Sleep. Tissue repair happens at night. People who sleep five hours during ACL rehab get worse outcomes than people who sleep eight. This is not a small variable.

Mental side. Fear of reinjury is a real and legitimate part of this process. The ACL-RSI questionnaire I mentioned exists for a reason. If you are six months out and the thought of cutting on that knee gives you a stomach-drop sensation, your nervous system is telling you something useful. Address it through graded exposure, not by ignoring it.

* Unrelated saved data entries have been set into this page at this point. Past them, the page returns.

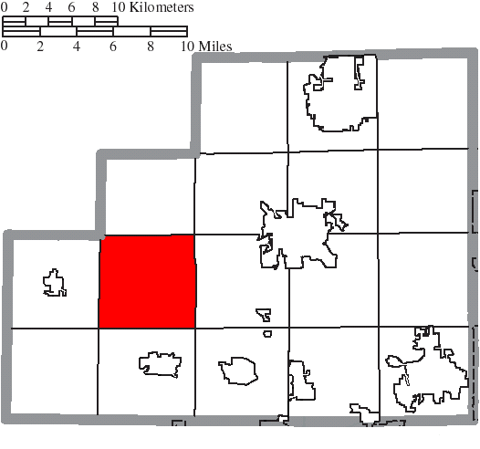 Map of the municipal and township boundaries of Medina County, Ohio, United States, as of the 2000 census, with the location of Chatham Township highlighted. Township borders are shown only in unincorporated areas in order to differentiate incorporated and unincorporated areas more clearly.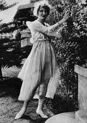 Rhea Mitchell in a publicity photo, ca. 1920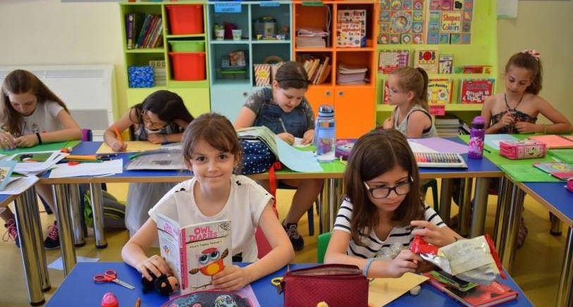 NOVA International Schools Elementary School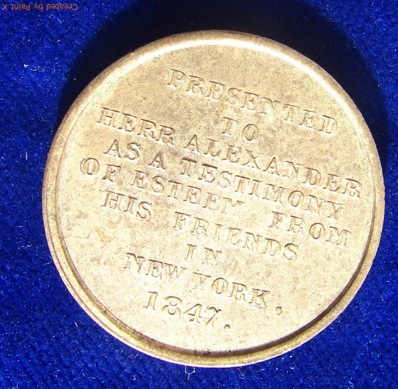 Gilt base metal medal d.= 29 mm. Heimbürger, Alexander, magician, 1819 Münster - 1909 Münster/Westfalen, Germany Farewell medallion for his departure from New York. Portrait r., curved above: "HERR ALEXANDER" / 9 lines: "PRESENTED TO HERR ALEXANDER AS A TESTIMONY OF ESTEEM FROM HIS FRIENDS IN NEW YORK 1847." ANA 1949.65.406; Rulau NY42. Medallist: C.C.W. (Charles Cushing Wright), Sculptor, 1796 Damariscotta, Maine - 1854 New York Condition: EXTREMELY FINE.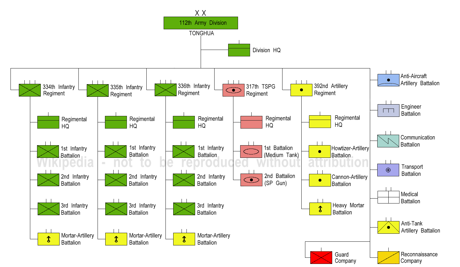 112th Army Division(People's Republic of China), Order of Battle from 1955 to 1962.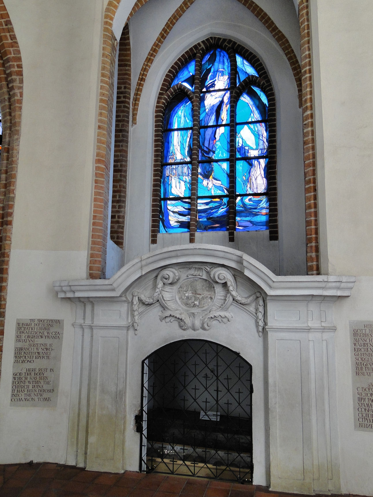 Interior of Szczecin Cathedral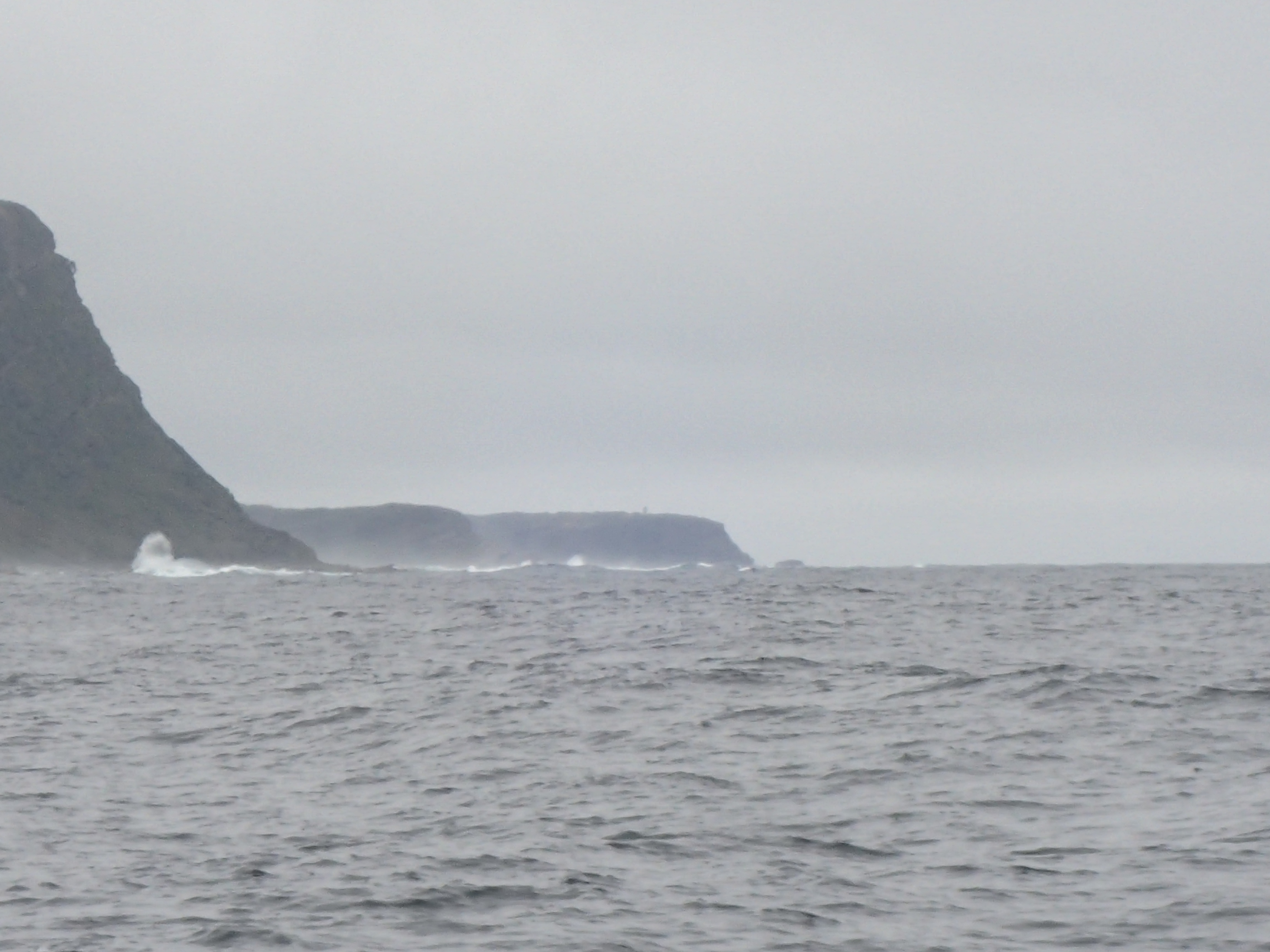 Puysegar Point & Lighthouse - from the North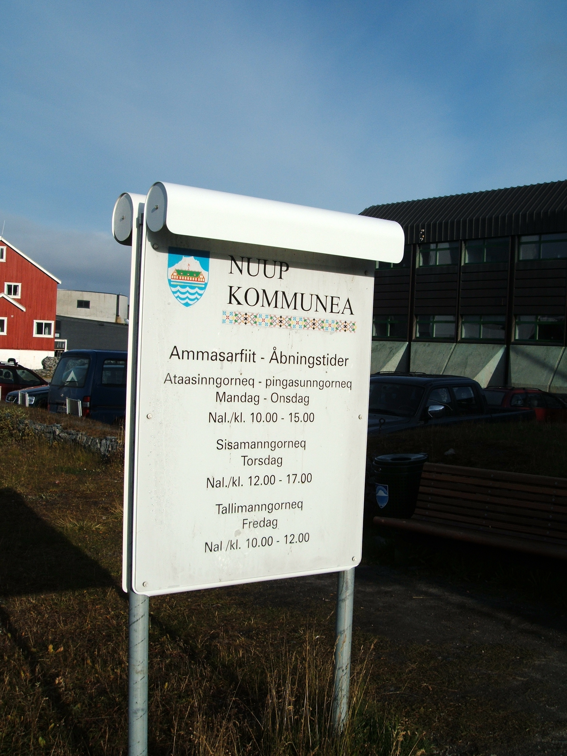 Picture of Official Nuuk Municipality

What Good ACL Rehab Actually Looks Like

It is unglamorous. It is doing quad sets in your kitchen while the kettle boils. It is going to the gym three times a week for a year. It is saying no to the pickup game your friends are pestering you about at month five. It is retesting your hops every few weeks and writing the numbers down. It is the boring discipline of doing the small things well.

The athletes I have seen recover best are not the most genetically gifted. They are the ones who treated rehab like a sport in itself — measurable, progressive, and respected.

If you are early in this process, do the quad work. If you are mid-process, do not abandon the brace early and do not skip the other knee. If you are nearing return, get tested properly with hop testing before you cut and pivot. And at every phase, ask what your knee can actually do today rather than what the calendar says it should be ready for.

For knee strengthening that complements ACL rehab in the later phases — particularly for runners — I wrote a companion piece on five knee-strengthening exercises that pair well with this work. And if your rehab is feeding into a broader return-to-running plan, the runner's knee rehab progression covers some of the same load-management principles.

The knee you finish this process with can be as strong as the one you started with. Sometimes stronger. But only if you respect the phases and stop confusing time with readiness.